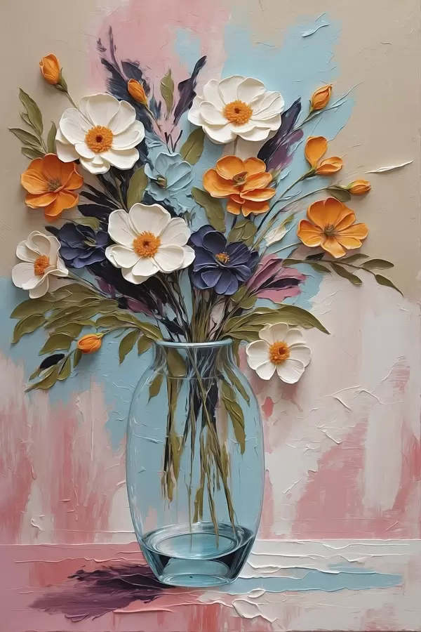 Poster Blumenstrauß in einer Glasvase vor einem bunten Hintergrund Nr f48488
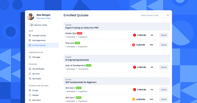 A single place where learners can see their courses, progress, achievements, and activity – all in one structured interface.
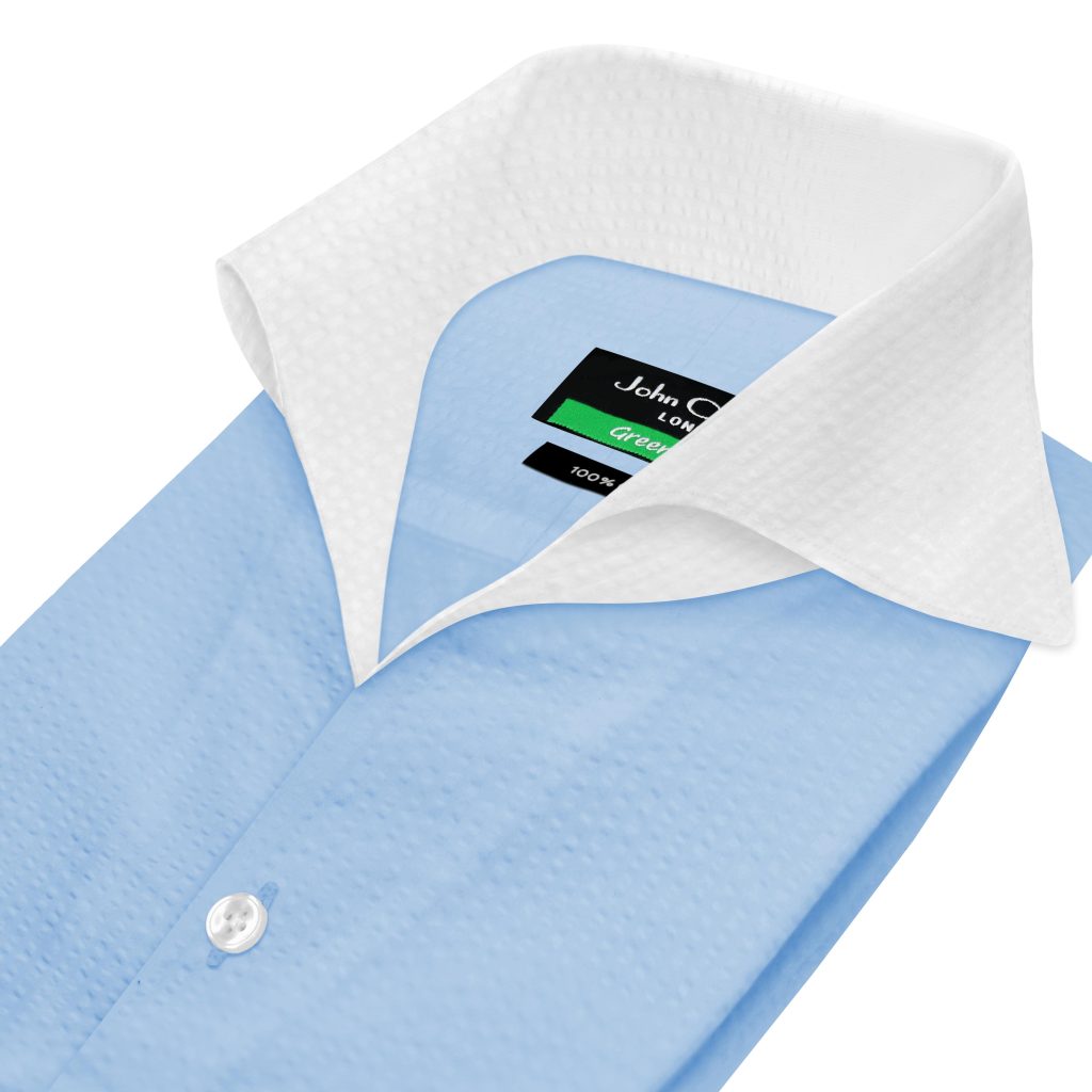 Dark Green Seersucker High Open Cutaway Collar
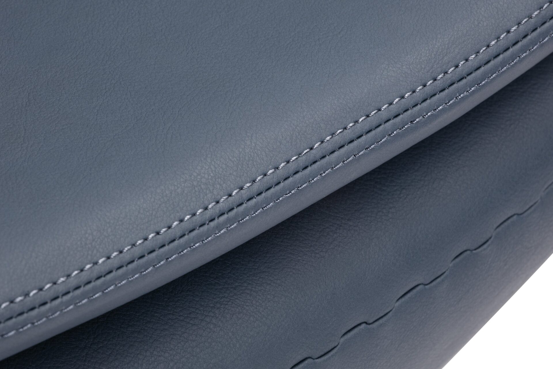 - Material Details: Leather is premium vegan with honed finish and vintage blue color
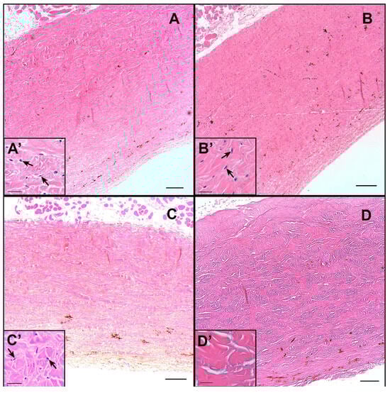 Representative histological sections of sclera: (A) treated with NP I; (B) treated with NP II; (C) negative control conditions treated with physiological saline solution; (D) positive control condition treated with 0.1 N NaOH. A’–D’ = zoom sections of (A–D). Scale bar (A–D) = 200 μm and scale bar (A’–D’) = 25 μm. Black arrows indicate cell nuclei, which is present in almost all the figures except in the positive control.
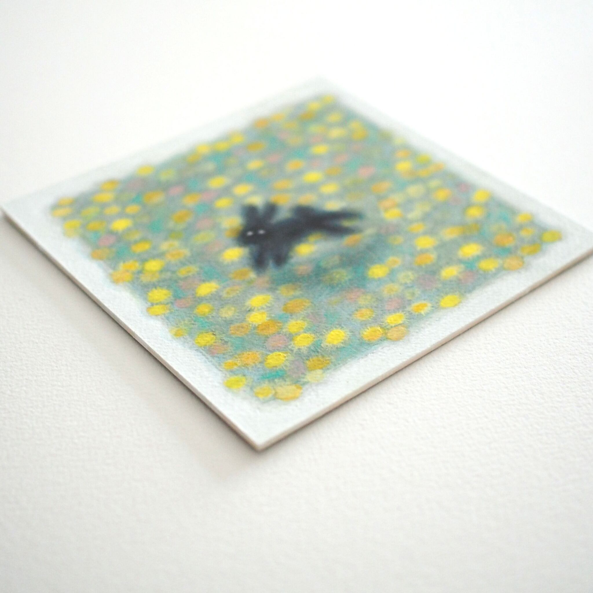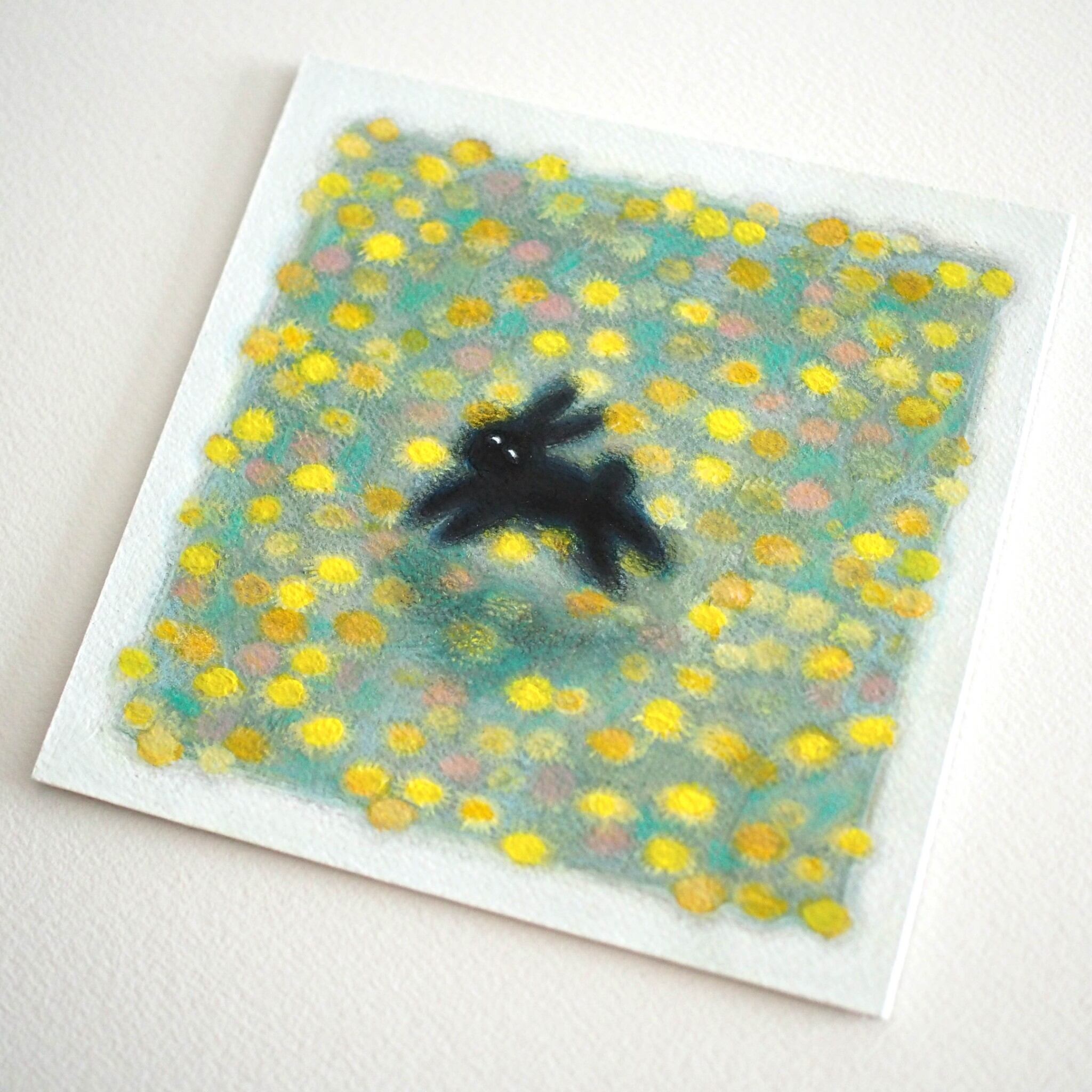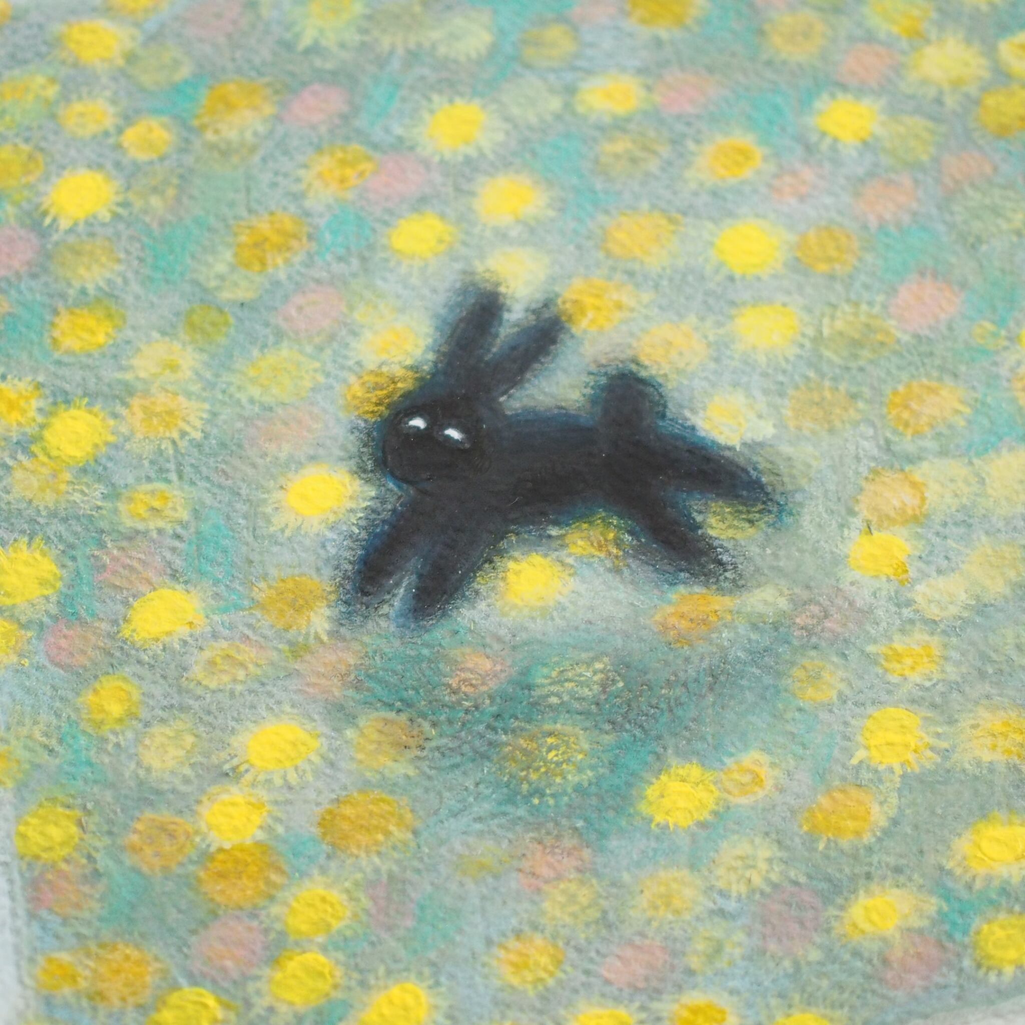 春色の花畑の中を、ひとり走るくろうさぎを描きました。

---

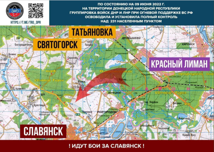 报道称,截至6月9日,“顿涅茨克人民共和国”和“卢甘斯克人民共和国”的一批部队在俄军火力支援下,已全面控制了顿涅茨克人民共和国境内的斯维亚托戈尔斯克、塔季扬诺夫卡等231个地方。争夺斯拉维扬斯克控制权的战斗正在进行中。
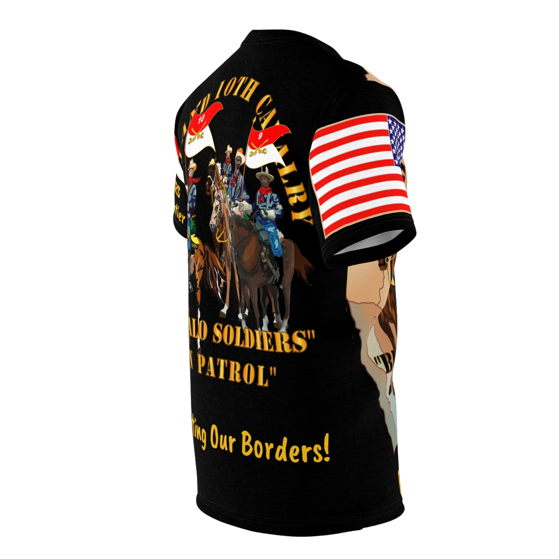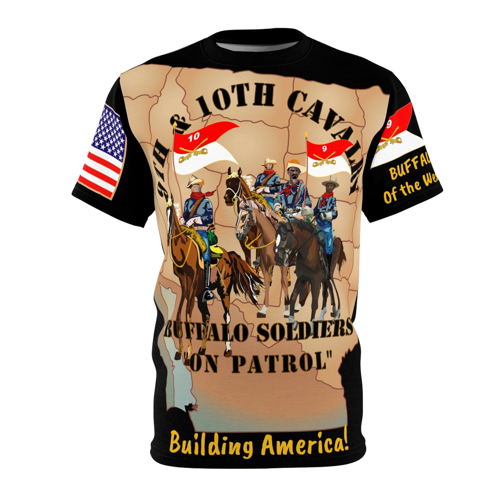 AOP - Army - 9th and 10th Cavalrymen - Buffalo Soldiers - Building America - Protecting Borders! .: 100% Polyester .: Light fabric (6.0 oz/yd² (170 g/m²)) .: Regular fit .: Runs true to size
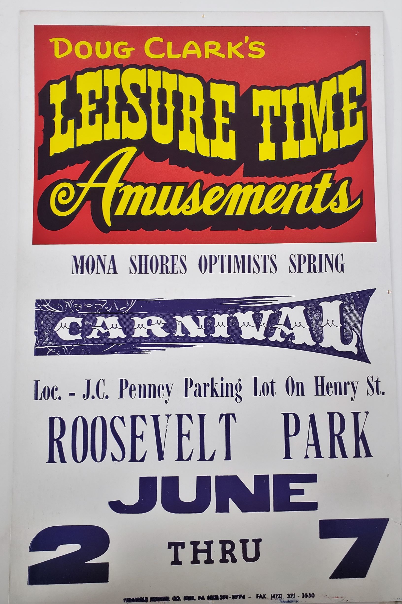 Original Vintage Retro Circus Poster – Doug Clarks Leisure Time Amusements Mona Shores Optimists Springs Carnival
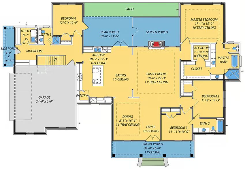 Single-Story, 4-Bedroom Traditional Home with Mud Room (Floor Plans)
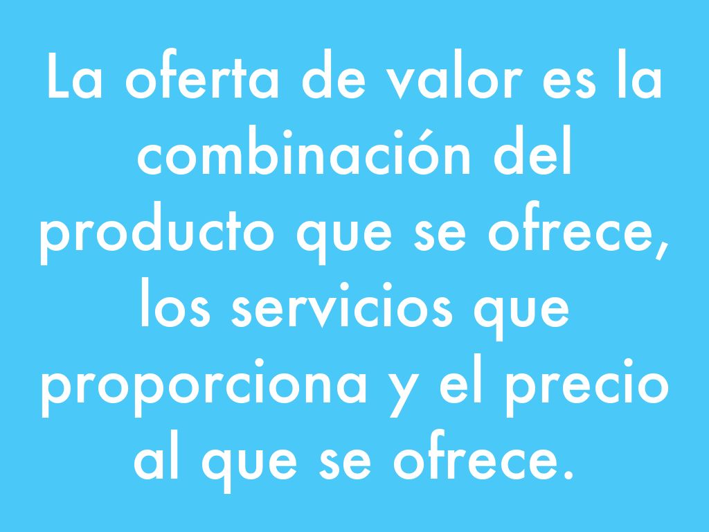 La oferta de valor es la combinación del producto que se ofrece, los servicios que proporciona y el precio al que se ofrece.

## To do:
Within the listing above, find the line containing "Dark Green Seersucker" and the line containing "春色の花畑の中を、ひとり走るくろうさぎを描きました。". Transcribe them and everything between them exactly, leaving out the pictures.

## Answer to the problem:
 Dark Green Seersucker High Open Cutaway Collar
 - Material Details: Leather is premium vegan with honed finish and vintage blue color
 Representative histological sections of sclera: (A) treated with NP I; (B) treated with NP II; (C) negative control conditions treated with physiological saline solution; (D) positive control condition treated with 0.1 N NaOH. A’–D’ = zoom sections of (A–D). Scale bar (A–D) = 200 μm and scale bar (A’–D’) = 25 μm. Black arrows indicate cell nuclei, which is present in almost all the figures except in the positive control.
 春色の花畑の中を、ひとり走るくろうさぎを描きました。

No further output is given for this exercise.